● Task to complete:
Look below for the line that contains "Hala sportowa i Zespół Szkół w Zielonkach", then copy it and each following line exactly, through and including the line that contains "Maďarské vizsly, Bubi v popředí".

● Input:
====

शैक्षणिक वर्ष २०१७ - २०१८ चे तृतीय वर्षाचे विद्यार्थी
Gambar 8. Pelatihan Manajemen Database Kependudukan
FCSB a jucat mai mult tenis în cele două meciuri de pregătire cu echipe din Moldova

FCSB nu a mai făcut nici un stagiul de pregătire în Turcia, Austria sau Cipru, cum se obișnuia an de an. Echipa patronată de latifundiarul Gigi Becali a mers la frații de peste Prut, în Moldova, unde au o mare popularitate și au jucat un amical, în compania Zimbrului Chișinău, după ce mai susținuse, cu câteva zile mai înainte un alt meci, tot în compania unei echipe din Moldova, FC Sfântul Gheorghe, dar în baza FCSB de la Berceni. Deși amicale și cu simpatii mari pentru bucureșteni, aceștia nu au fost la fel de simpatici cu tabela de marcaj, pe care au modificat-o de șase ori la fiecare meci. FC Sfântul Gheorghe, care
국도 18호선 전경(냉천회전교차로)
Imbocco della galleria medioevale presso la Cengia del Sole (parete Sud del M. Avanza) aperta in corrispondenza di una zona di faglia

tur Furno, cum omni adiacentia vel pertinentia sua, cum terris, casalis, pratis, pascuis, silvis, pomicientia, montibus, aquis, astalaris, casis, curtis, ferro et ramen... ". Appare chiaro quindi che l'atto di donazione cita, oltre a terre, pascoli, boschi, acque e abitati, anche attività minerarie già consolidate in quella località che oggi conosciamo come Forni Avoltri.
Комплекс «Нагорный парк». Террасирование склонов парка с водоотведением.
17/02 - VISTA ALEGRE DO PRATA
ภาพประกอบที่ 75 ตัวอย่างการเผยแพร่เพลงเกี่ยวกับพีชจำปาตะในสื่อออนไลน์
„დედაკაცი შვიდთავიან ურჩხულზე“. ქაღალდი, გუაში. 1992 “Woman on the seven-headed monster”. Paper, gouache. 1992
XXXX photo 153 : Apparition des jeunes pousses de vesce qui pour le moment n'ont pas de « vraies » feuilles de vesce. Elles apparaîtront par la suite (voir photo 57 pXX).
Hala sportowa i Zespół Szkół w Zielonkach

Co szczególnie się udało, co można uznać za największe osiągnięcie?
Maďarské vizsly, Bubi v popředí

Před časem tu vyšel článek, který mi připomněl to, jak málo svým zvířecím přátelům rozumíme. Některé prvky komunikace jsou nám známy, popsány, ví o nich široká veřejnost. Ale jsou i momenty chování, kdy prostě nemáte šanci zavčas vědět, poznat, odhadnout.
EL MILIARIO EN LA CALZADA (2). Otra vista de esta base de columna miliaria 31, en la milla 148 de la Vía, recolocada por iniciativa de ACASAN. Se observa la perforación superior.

====

● Solution:
Hala sportowa i Zespół Szkół w Zielonkach

Co szczególnie się udało, co można uznać za największe osiągnięcie?
Maďarské vizsly, Bubi v popředí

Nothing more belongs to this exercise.